* Task description: Return, exactly and with nothing added, the line with "- ネスカフェゴールドブレン" together with all lines after it through the end of the data below. No pictures belong in the copy.

* Given material:
######
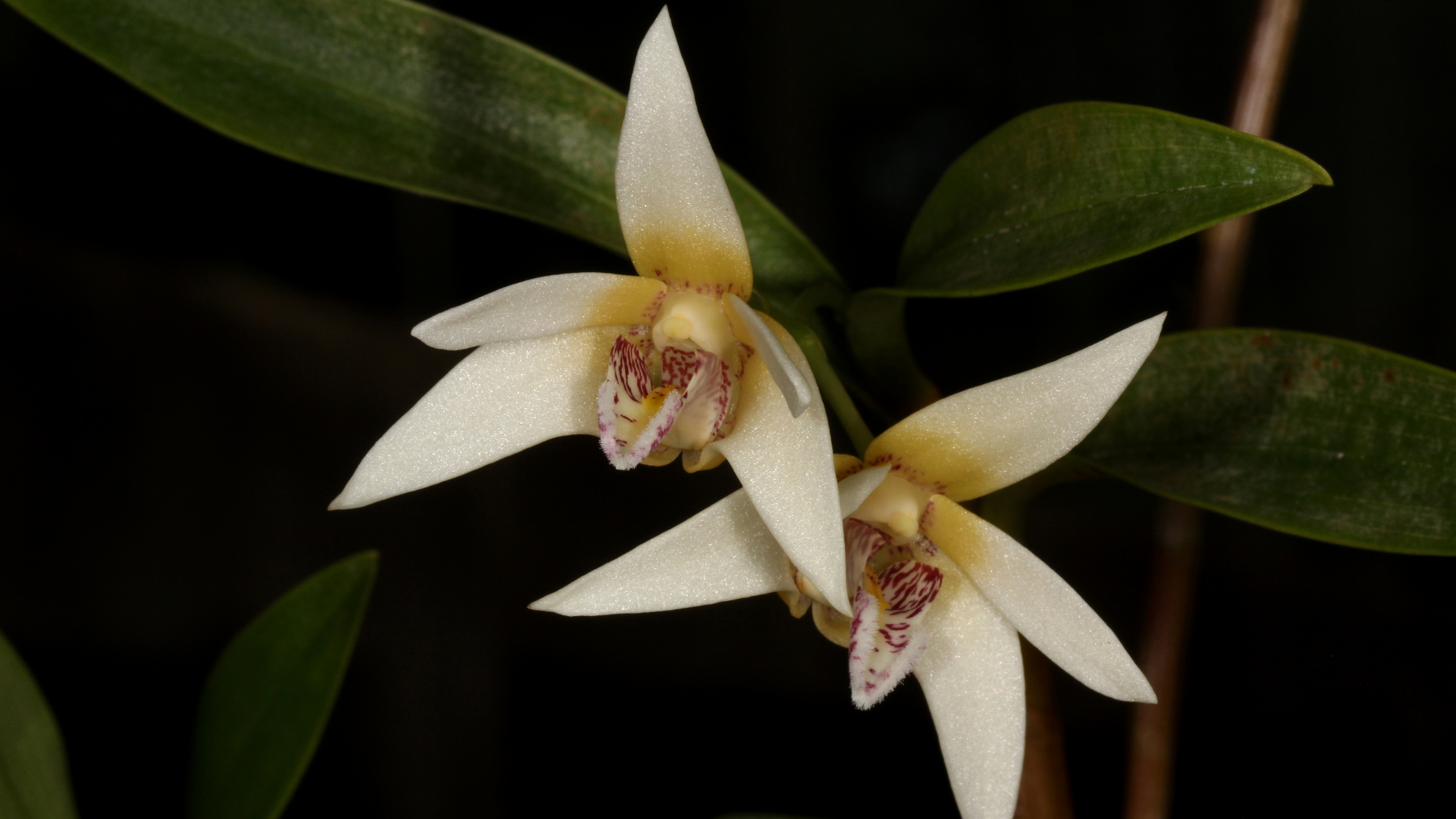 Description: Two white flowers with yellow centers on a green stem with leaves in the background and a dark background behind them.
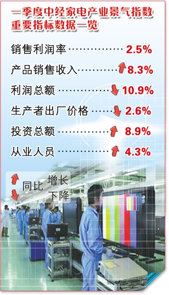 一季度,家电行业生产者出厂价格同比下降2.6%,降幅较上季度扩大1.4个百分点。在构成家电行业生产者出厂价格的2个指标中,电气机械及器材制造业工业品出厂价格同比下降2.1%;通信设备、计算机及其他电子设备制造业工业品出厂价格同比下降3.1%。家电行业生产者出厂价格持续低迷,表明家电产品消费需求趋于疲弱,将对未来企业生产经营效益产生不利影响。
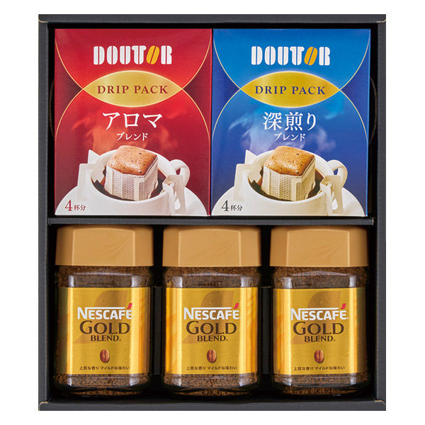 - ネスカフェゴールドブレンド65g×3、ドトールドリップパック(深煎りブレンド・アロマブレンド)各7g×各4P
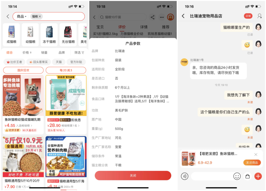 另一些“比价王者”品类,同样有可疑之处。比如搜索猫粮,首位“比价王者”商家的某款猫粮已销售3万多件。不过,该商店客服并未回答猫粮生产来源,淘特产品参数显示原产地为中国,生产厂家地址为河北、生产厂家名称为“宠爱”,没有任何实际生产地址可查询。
######
* Output for this task:
 - ネスカフェゴールドブレンド65g×3、ドトールドリップパック(深煎りブレンド・アロマブレンド)各7g×各4P
 另一些“比价王者”品类,同样有可疑之处。比如搜索猫粮,首位“比价王者”商家的某款猫粮已销售3万多件。不过,该商店客服并未回答猫粮生产来源,淘特产品参数显示原产地为中国,生产厂家地址为河北、生产厂家名称为“宠爱”,没有任何实际生产地址可查询。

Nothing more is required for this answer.